**ABOUT THIS EXERCISE**
Return each line of the records below in which the string "силовых" turns up.

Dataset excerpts
══════
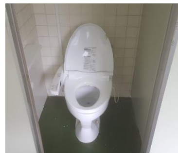
ชักโครกญี่ปุ่น

ถ้าไม่อยากใช้ห้องอาบน้ำรวมสามารถไปใช้ห้องอาบน้ำชาวมองโกเลียได้ที่หลังหอพัก
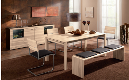
COKE977: COMO in Kernesche matt, Beintisch 180 x 90 cm, gerade Bank 180 cm, Bezug Leder 977. Freischwinger 14.1. Sidebord 4-teilig (Korpus Kernesche schoko).
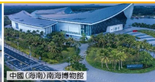
中國(海南)南海博物館
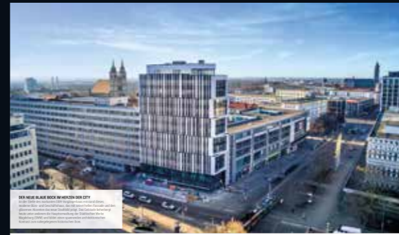
DER NEUE BLAUER BOCK WÄRDEN DER CITY Das neue Bürogebäude am blauen Bock ist ein Wahrzeichen der Magdeburger City. Mit seiner modernen Architektur und nachhaltigen Bauweise setzt es neue Maßstäbe für die Stadtentwicklung.
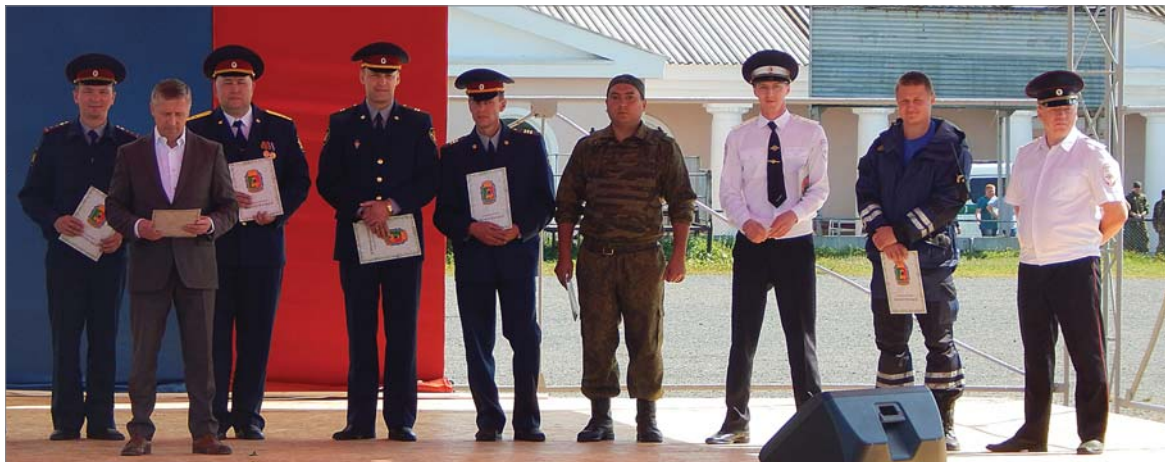
Среди награждённых – сотрудники разных силовых структур.

19 августа на стадионе «Уральский трубник» состоялся праздник работников силовых структур «Служба — дни и ночи».
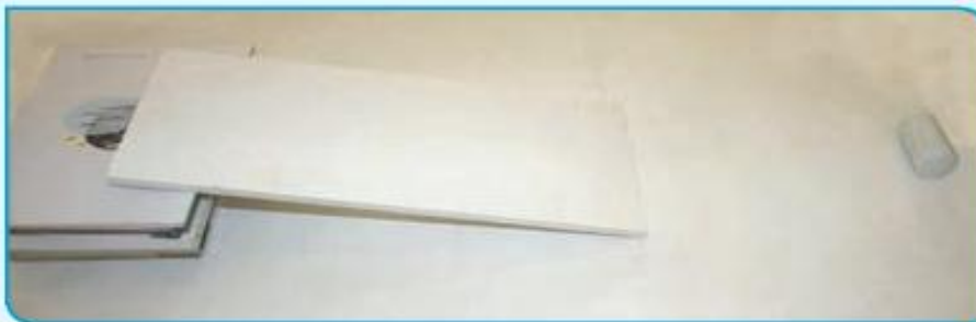
آزمایش روی سطح صاف

یک تخته‌ی صاف به طول تقریبی ۴۰ سانتی‌متر تهیه کنید و در یک سطح صاف مانند سطح سرامیکی، روی چند کتاب قرار دهید. جسمی مانند یک باتری قلمی را از بالای تخته رها کنید. جسم پس از طی چه مسافتی روی سطح صاف می‌ایستد؟ بار دیگر این آزمایش را روی سطح پرزدار مانند موکت تکرار کنید. این بار جسم پس از طی چه مسافتی می‌ایستد؟ اگر آزمایش را روی سطح ناهموار خاکی انجام دهیم، چه اتفاقی می‌افتد؟ اگر روی یخ انجام شود، چه اتفاقی می‌افتد؟ ● به نظر شما باید چه وضعیتی فراهم باشد تا جسم، مسافت بیشتری را طی کند؟ ● در کدام حالت جسم زودتر متوقف می‌شود؟ ● به نظر شما چرا در همه‌ی حالت‌ها، جسم پس از مدتی بالاخره می‌ایستد؟
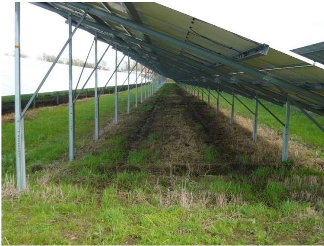
Abb. 7: Während für FF-PV kaum Fläche versiegelt wird, werden große Flächen optisch massiv überprägt und die natürlichen Bodenfunktionen infolge der Verschattung erheblich beeinträchtigt. Unter den Anlagen sind deswegen die Voraussetzungen für die Entwicklung wertvoller Lebensraumtypen des Grünlandes begrenzt.
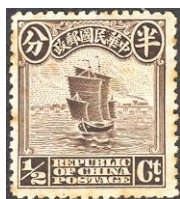
Fig.1 Eerste druk 1913 Londen druk v.a. Mi 148 I
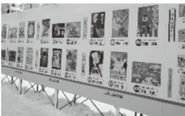
↑ 昨年の会場の様子

2月5日から12日まで開催 される「第69回さっぽろ雪まつ り」7丁目会場にて、平成29年 度J A共済全道小・中学生交 通安全ポスターコンクールの 入賞作品65点を展示します。 J AとJ A共済連北海道は 交通ルールの大切さや交通安 全に対する願いが描かれた 小・中学生の皆さんの作品を 通じて、交通事故防止の意識 づくりにつなげたいと考えて います。
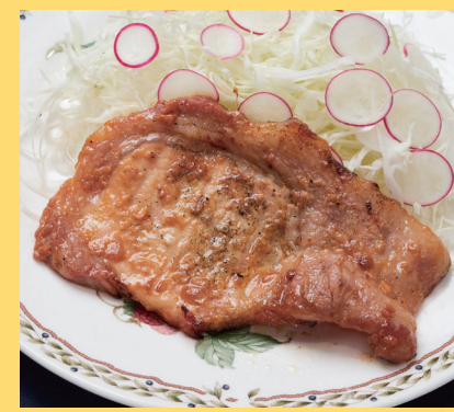
福島県白河市 白河高原清流豚の 紅白満喫セット 4617円
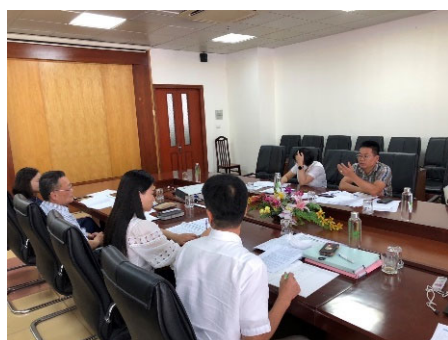
クアンニン省との会議
══════
**RESPONSE TO THIS EXERCISE**
Среди награждённых – сотрудники разных силовых структур.
19 августа на стадионе «Уральский трубник» состоялся праздник работников силовых структур «Служба — дни и ночи».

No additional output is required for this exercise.